There is an infinity of political errors which, once adopted and enacted, become principles of statesmanship. Labor legislation summarily disposed of the homework system and then set out to raise wage rates and improve working conditions by political force. To most political parties this is supreme statesmanship that takes precedence over all other considerations. But unfortunately, it is also the root cause of mass unemployment that is inflicting immeasurable harm on millions of innocent victims.

An unhampered labor market offers opportunities to anyone seeking employment. The pressures of competition by both workers and employers establish a wage rate at which everyone eager to work can find a job, and every employer eager to hire more help can find more workers. But when government sets out forcibly to lift wage rates above those set by competition, chronic unemployment emerges. It causes countless economic distortions, reduces economic output, lowers personal incomes, and aggravates the plight of the poor.
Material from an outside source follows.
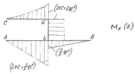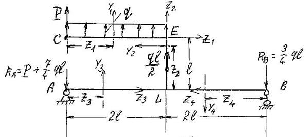 0=0. Положительные знаки реакции указывают на то, что мы «угадали» их направления. Построение эпюры осуществим по участкам. 1-ый участок СЕ. 0≤z1≤2l. Слева от сечения:

A wage rate set above a person’s own productive contribution causes his unemployment, pricing him right out of the labor market. Surely, minimum wage legislation does not directly affect a worker whose training and skills earn him a wage in excess of the minimum. But it seriously jeopardizes the employment of all those unskilled workers who produce and consequently earn less than the minimum. In the United States, minimum wage legislation does grievous harm to millions of unskilled laborers, especially among the racial and ethnic minorities—Blacks, Puerto Ricans, Chicanos, Mexicans, and American Indians.

The Victims

Most critics of minimum wage legislation do not concern themselves with the propriety and morality of political intervention with the production process. They accept the rationale of political supremacy and government power, but lament the evil effects of unemployment on some highly visible groups of victims, such as young people, especially black teenagers. Therefore, they are designing special programs for teenagers and other groups, calling for massive government expenditures on their behalf. Unfortunately they are overlooking most of the affected population.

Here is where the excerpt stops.